Extracted data entries
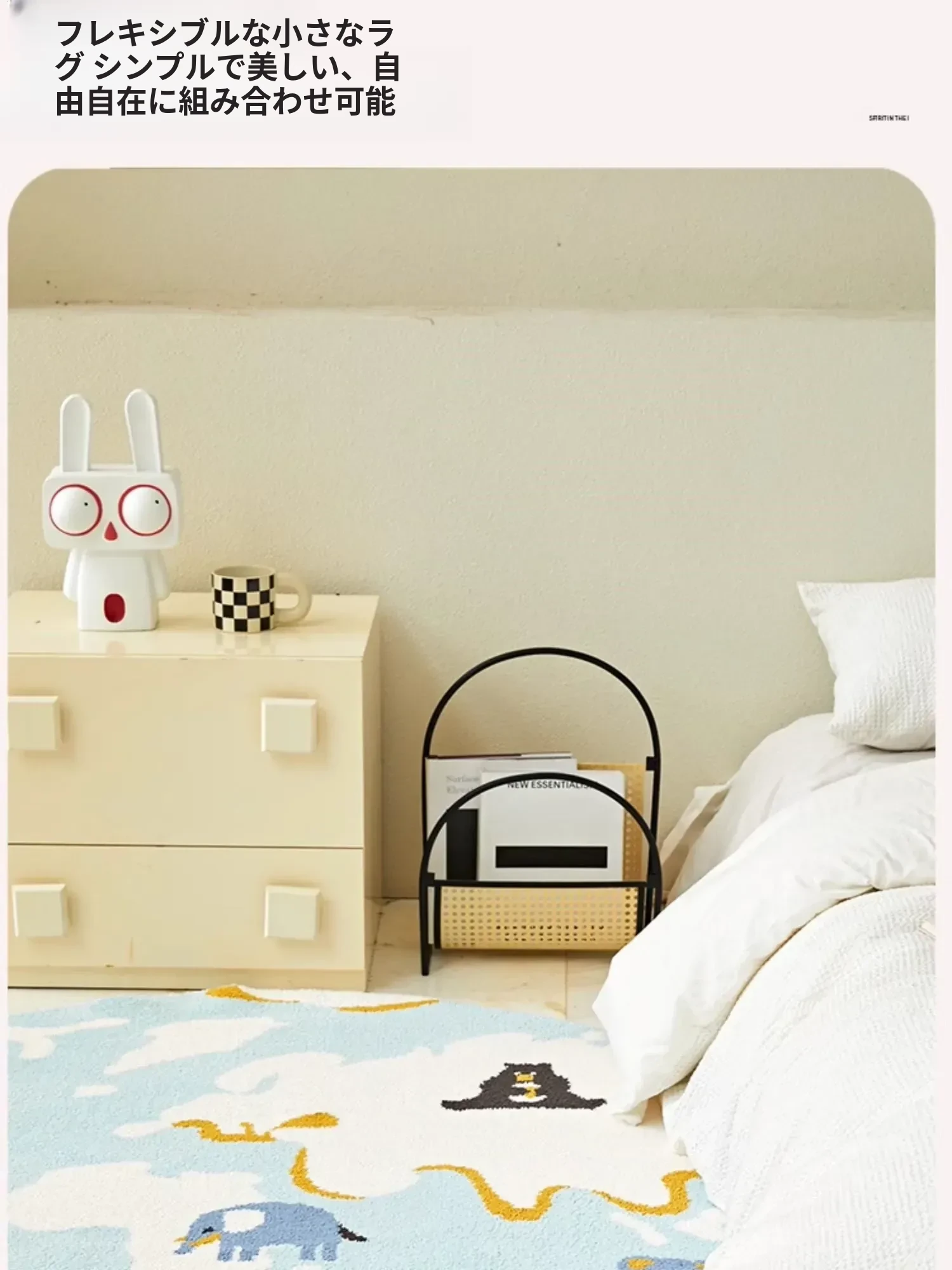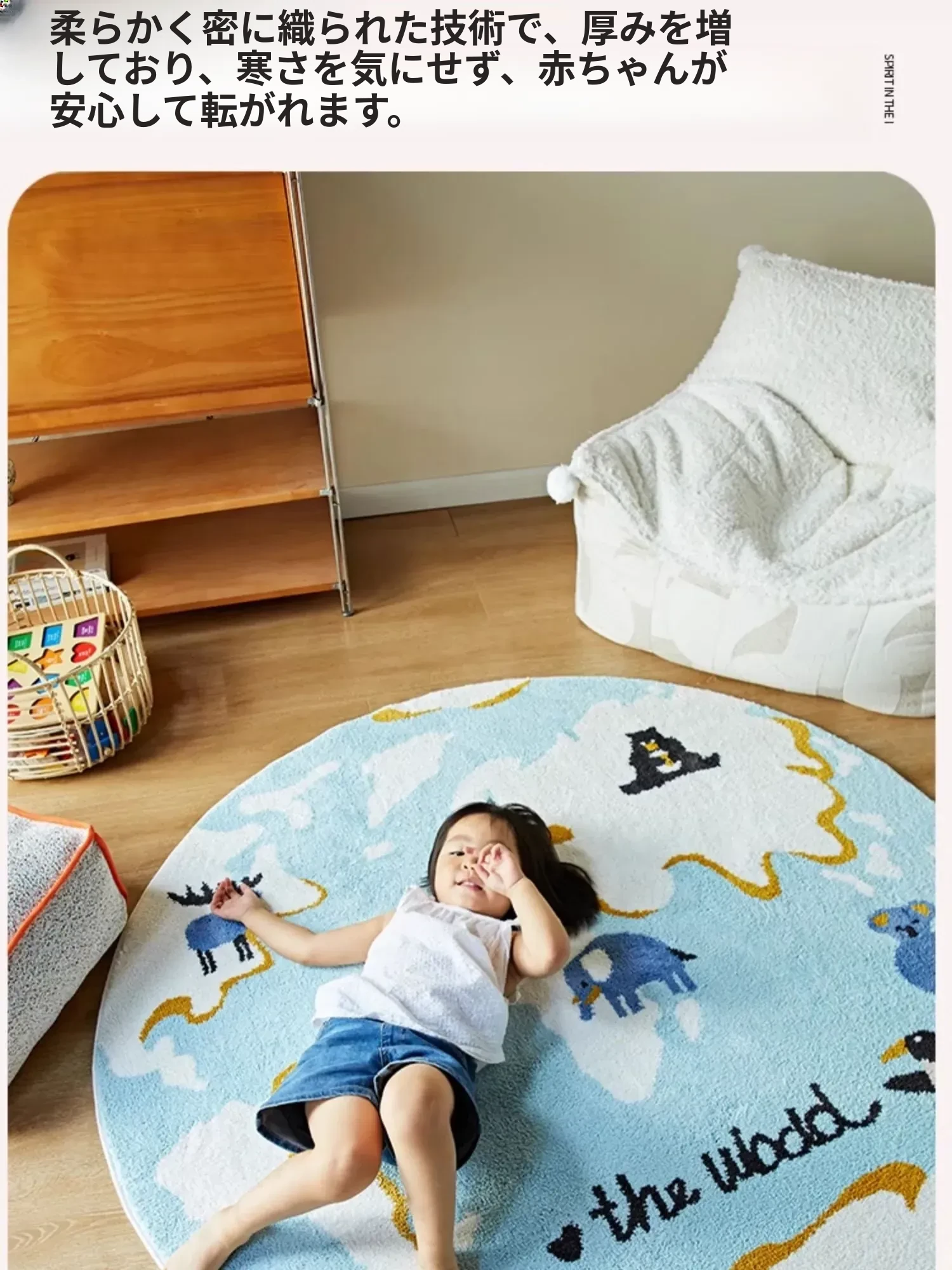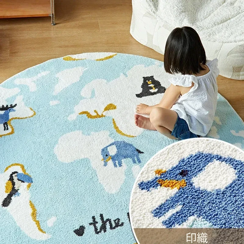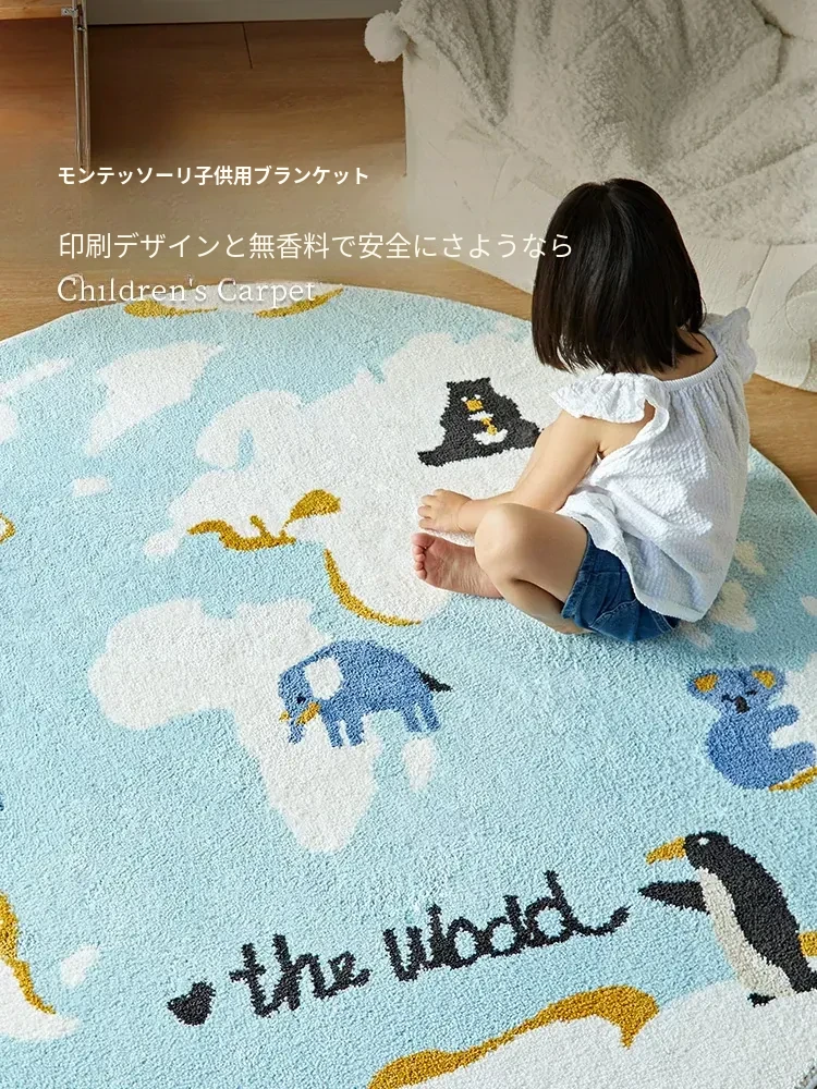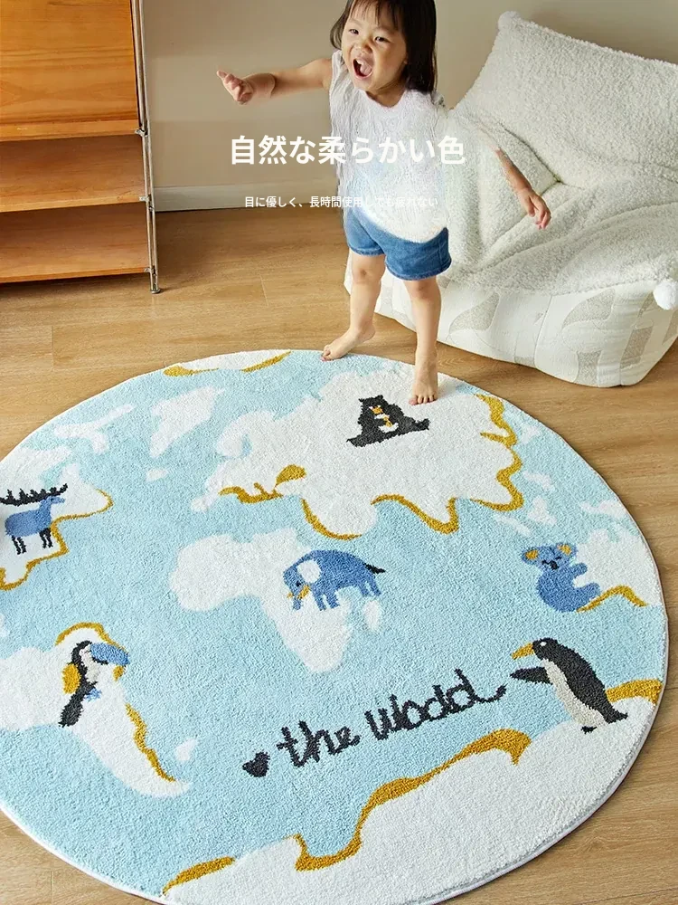 子供部屋の読書エリアに最適!シンプルで高級感漂う防滑ミルクシルク厚手ラウンドカーペット。かわいいデザインのベッドサイドマットで、快適な空間を演出します!
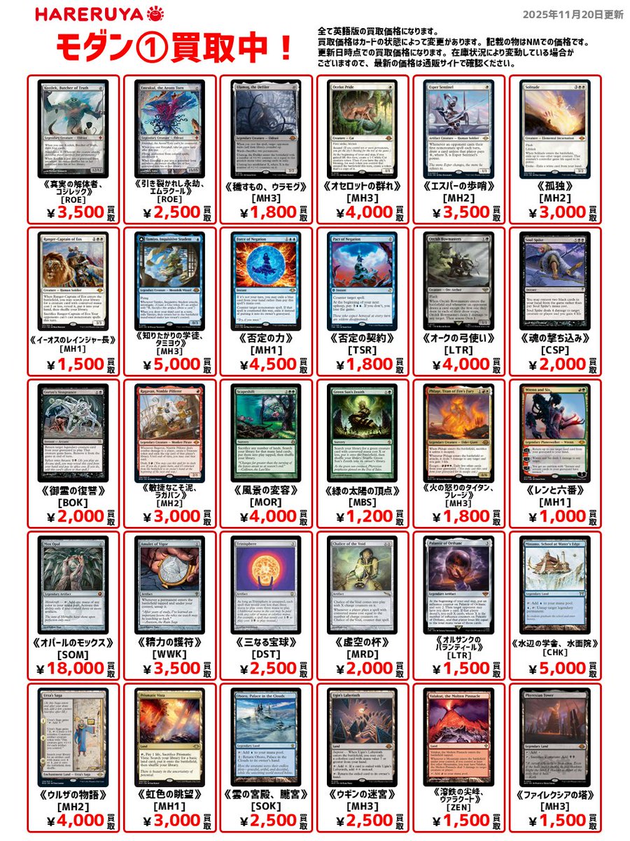 【買取情報】 🔥モダンカード 買取中🔥 《オパールのモックス》[SOM] 18,000円買取 《知りたがりの学徒、タミヨウ》[MH3] 5,000円買取 《水辺の学舎、水面院》[CHK] 5,000円買取 《否定の力》[MH1] 4,500円買取 お持ち込みの際はスリーブ抜き&ソート不要🙌 晴れる屋郡山店にてお待ちしています🙇♂️
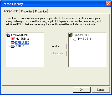 圖3. 使用Add(添加)、Remove(刪除)按鈕選擇要建立成為庫指令的子程序
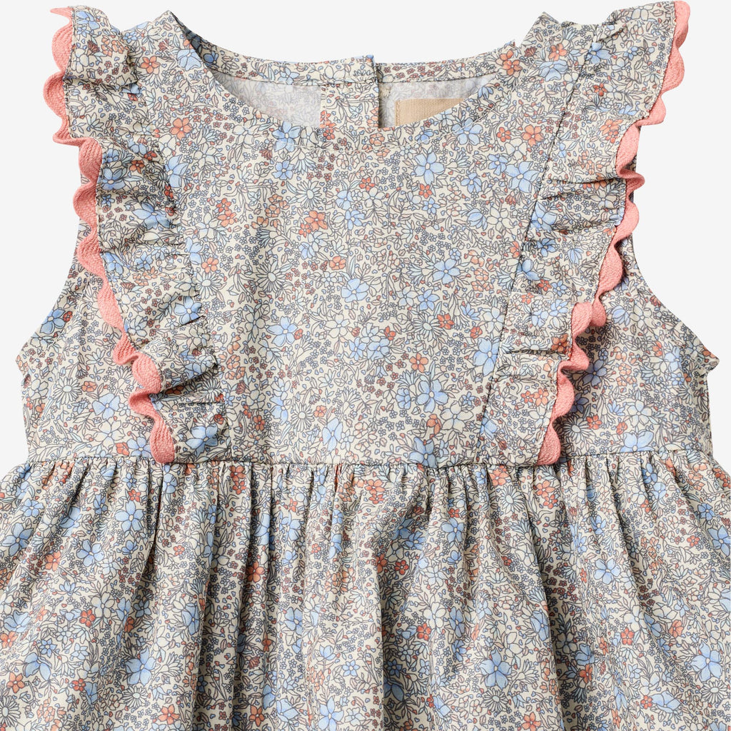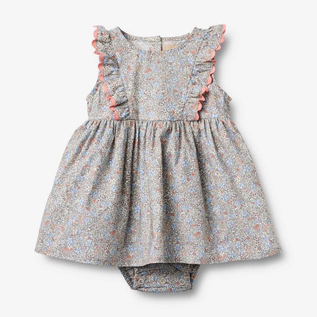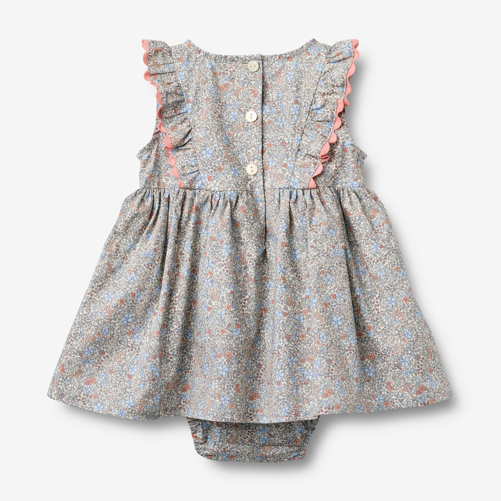 Ærmeløs dragtsæt med print og snørredetaljer i blød vævet økologisk bomuld til babyer.- Skæring ved taljen med samlinger nedenunder- Ruffles ved ærmekanten- Lille bomuldssnøre ved ruffles- Knaplukning bagpå- Trykknaplukning i skridtet- Sødt signaturprintDisse dragtsæt er både søde og behagelige at have på og bevæge sig i. Dragtsættet er praktisk, da det er en kombination af en løstsiddende kjole med bunden af en klassisk bodystocking indenunder.
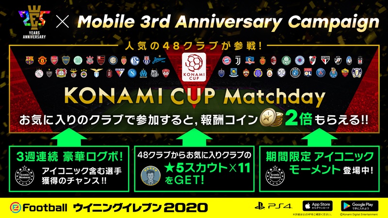 さらに、人気モバイルゲーム『eFootball ウイニングイレブン2020』が3周年となったことを記念し、KONAMIが感謝の気持ちを込めた「25th Anniversary x Mobile 3rd Anniversary Campaign」をスタートさせる。

TASK: Would you mind returning each entry above word for word, skipping the images?

ANSWER TO THIS PROBLEM:
 子供部屋の読書エリアに最適!シンプルで高級感漂う防滑ミルクシルク厚手ラウンドカーペット。かわいいデザインのベッドサイドマットで、快適な空間を演出します!
 【買取情報】 🔥モダンカード 買取中🔥 《オパールのモックス》[SOM] 18,000円買取 《知りたがりの学徒、タミヨウ》[MH3] 5,000円買取 《水辺の学舎、水面院》[CHK] 5,000円買取 《否定の力》[MH1] 4,500円買取 お持ち込みの際はスリーブ抜き&ソート不要🙌 晴れる屋郡山店にてお待ちしています🙇♂️
 圖3. 使用Add(添加)、Remove(刪除)按鈕選擇要建立成為庫指令的子程序
 Ærmeløs dragtsæt med print og snørredetaljer i blød vævet økologisk bomuld til babyer.- Skæring ved taljen med samlinger nedenunder- Ruffles ved ærmekanten- Lille bomuldssnøre ved ruffles- Knaplukning bagpå- Trykknaplukning i skridtet- Sødt signaturprintDisse dragtsæt er både søde og behagelige at have på og bevæge sig i. Dragtsættet er praktisk, da det er en kombination af en løstsiddende kjole med bunden af en klassisk bodystocking indenunder.
 さらに、人気モバイルゲーム『eFootball ウイニングイレブン2020』が3周年となったことを記念し、KONAMIが感謝の気持ちを込めた「25th Anniversary x Mobile 3rd Anniversary Campaign」をスタートさせる。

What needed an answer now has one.